Monday, November 18, 2013

This Is Entirely Jeff's Fault

I have reached an age where I've decided I like my standard of living but am no longer in love with having to do what I do for a living to maintain it. I know, "welcome to the human race."

But still, perhaps like you, I sometimes imagine myself in another job, somewhere else (only briefly glimpsed in a moment of reverie) doing amazing things for large sums of money and not feeling guilty about any of it.
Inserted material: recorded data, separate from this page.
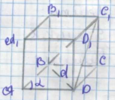 1. Основание призмы — ромб \(ABCD\) с острым углом \(A = \alpha\) и диагональю \(BD = d\). Цилиндр, вписанный в призму, касается всех боковых граней, а его основание лежит в плоскости ромба. Диаметр цилиндра равен диагонали \(BD\), то есть \(d\). Радиус цилиндра равен \(\frac{d}{2}\).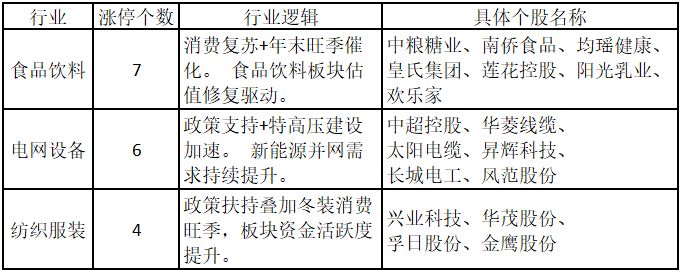 从行业特征来看,今日涨停板个股中,食品饮料、电网设备、纺织服装行业的个股最多。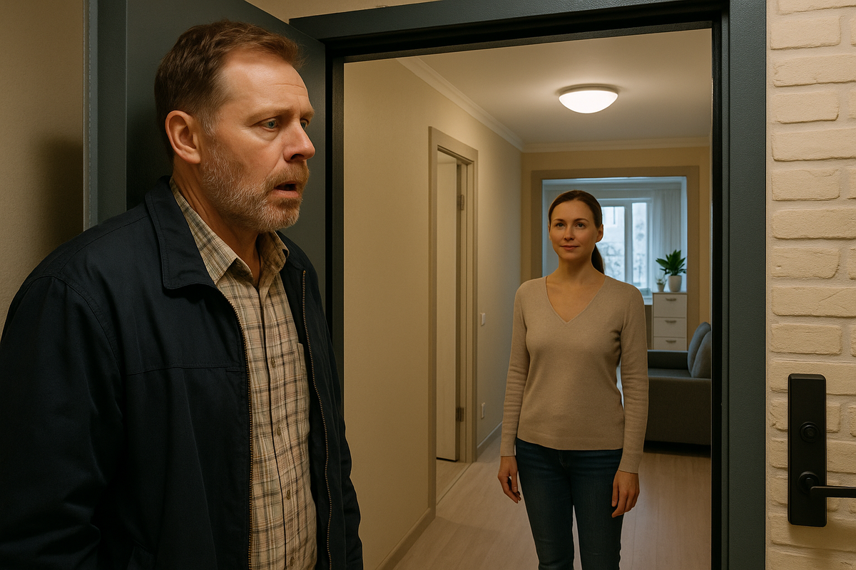 В квартире пахло свежеиспечённым хлебом и кофе. Новые обои, светильники, мягкий ковёр. Там, где раньше был его письменный стол, теперь стояла стойка с книгами. На кухне кто-то насвистывал — мужской голос. Через секунду вышел мужчина лет сорока, в фартуке, с кружкой кофе.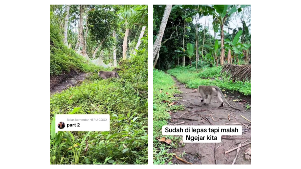Monyet tersebut kemudian dilepaskan ke sebuah area yang masih dekat dengan permukiman, meskipun di sekitarnya terdapat pepohonan. Pelepasliaran dilakukan secara mandiri, tanpa proses rehabilitasi yang memadai, dan kehadiran kelompok monyet lainnya. Padahal, monyet ekor panjang tidak dapat dilepasliarkan sendirian mereka adalah hewan sosial yang hidup berkelompok. Jika dilepas tanpa kelompok dan proses adaptasi, hal ini justru berisiko menimbulkan konflik, baik dengan manusia maupun satwa lain di sekitarnya.

Suspect none of those idle daydreams compares to this recruiting advert Jeff shared.

I'm puzzling over the turn of phrase 'well-equipped' since I think a saw a road sign back there for Double Entendre  (just beyond the cul de sac) though the notion of being 'a credible voice for reason for nude recreation in the Americas' does sound quite like the challenge I've been looking for.

Of course, in my case, some contents may have shifted and settled in transit and handling, making me a poster child for 'beauty is in the eye of the beholder' for those with whom I would be attempting to work; I may well get a cease and desist request from PETA citing frightened turtles.

Aside from some (painfully obvious) limitations, I think either Jeff or I could actually qualify for this position. I'm not where we'd keep our wallets with the business cards but that's only a small matter of concern. Of course, we'd go broke buying suntan oil but not as quickly as those around us from buying dark glasses.